La première ministre britannique a dévoilé, mercredi 21 juin, un programme expurgé de toute mesure qui fâche, orienté sur le travail colossal qui attend le pays pour sortir de l’Union européenne, lors du traditionnel discours de la reine.

La reine n’a pas mentionné une visite d’Etat du président américain Donald Trump, jetant le doute sur sa tenue initialement prévue à l’automne. Et le discours, qui présente le programme des deux ans à venir, a également abandonné la plupart des mesures sociales impopulaires contenues dans le programme électoral des conservateurs, qui ont perdu leur majorité absolue à l’issue des législatives anticipées du 8 juin.

Brexit : « Garantir le meilleur accord possible »

« La priorité de mon gouvernement est de garantir le meilleur accord possible alors que le pays quitte l’Union européenne », a dit la reine, se faisant le porte-voix du programme de Mme May. Elle a ajouté que le gouvernement britannique chercherait « à construire le consensus le plus large possible sur l’avenir du pays hors de l’Union européenne », alors que le gouvernement est divisé sur la question.

Faute d’avoir la pleine main sur le Parlement, Mme May peut essuyer un camouflet lors d’un vote de confiance programmé le 29 juin, après plusieurs jours de débats parlementaires.

La suppression des repas gratuits pour les écoliers abandonnée

Parmi les mesures qui se trouvaient dans son programme électoral et qui ont été abandonnées figurent notamment sa promesse de supprimer les repas gratuits pour les écoliers britanniques et celle de financer les soins liés à la dépendance des personnes âgées par un prélèvement sur les successions, rebaptisée par le public dementia tax (taxe sur la démence).

La proposition de rétablir l’autorisation de la chasse au renard était également absente du discours de la reine.

Theresa May, qui a reconnu que « les résultats de l’élection ne sont pas ce que nous espérions », est sortie affaiblie des élections législatives qu’elle avait convoquées pour renforcer sa majorité parlementaire afin d’aborder plus sereinement les négociations du Brexit.

Avec 317 sièges sur 650, les conservateurs comptent sur le soutien des dix députés du petit parti ultraconservateur nord-irlandais, le DUP, pour obtenir la majorité absolue. Mais cet accord, qui semblait être une formalité, tarde à se concrétiser.

« Gouvernement de zombies »

Une source au sein du DUP a fait savoir qu’il « n’était certainement pas imminent » parce que les discussions « ne se sont pas déroulées de la manière qu’escomptait le DUP », assurant qu’il ne fallait pas prendre le soutien du parti comme acquis.

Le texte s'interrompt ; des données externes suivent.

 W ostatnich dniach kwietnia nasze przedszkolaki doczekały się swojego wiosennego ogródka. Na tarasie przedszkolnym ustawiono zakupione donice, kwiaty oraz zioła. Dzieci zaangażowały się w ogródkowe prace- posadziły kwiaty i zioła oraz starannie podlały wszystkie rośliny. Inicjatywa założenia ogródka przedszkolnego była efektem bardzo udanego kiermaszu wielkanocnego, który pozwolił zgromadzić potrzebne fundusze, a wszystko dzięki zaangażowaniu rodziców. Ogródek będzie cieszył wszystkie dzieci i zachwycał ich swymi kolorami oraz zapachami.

« C’est une coalition instable, ce n’est même pas une coalition, ils n’ont même pas d’accord avec le DUP », a commenté le chef de l’opposition travailliste Jeremy Corbyn. « Nous sommes prêts à former un gouvernement minoritaire si ce gouvernement s’effondre, ce qui pourrait bien être le cas », a-t-il ajouté.

Le quotidien conservateur The Times a, lui, qualifié le gouvernement de Mme May de « gouvernement de zombies », affirmant que la première ministre est « tellement affaiblie qu’elle ne peut pas arbitrer les querelles entre ses ministres », sur fond de grogne grandissante de la population quant à sa stratégie concernant le Brexit.

Mme May a résisté aux multiples appels à la démission depuis les législatives qu’elle avait convoquées par anticipation, persuadée de l’emporter haut la main, mais les médias bruissent de rumeurs sur son possible remplaçant. Le ministre chargé du Brexit, David Davis, ou celui des affaires étrangères, Boris Johnson, sont notamment évoqués.

« Journée de la colère »

Selon la presse, les partis d’opposition préparent une série d’amendements portant notamment sur des changements dans les règles de sécurité des logements après l’incendie dramatique de la tour Grenfell, à Londres, qui a fait au moins 79 morts. D’autres amendements devraient appeler à un accès facilité au marché unique européen et à la mise en place d’une commission multipartite et ouverte à la société civile pour discuter de la stratégie à adopter sur le Brexit.

Il n’y a pas de règle stricte, mais l’usage veut que, si un amendement de l’opposition est voté, le gouvernement démissionne. Une « journée de la colère » organisée par le groupe d’extrême gauche Mouvement pour la Justice et soutenue par l’opposition travailliste est prévue mercredi. Une marche jusqu’à Downing Street est attendue pour « faire tomber le gouvernement ».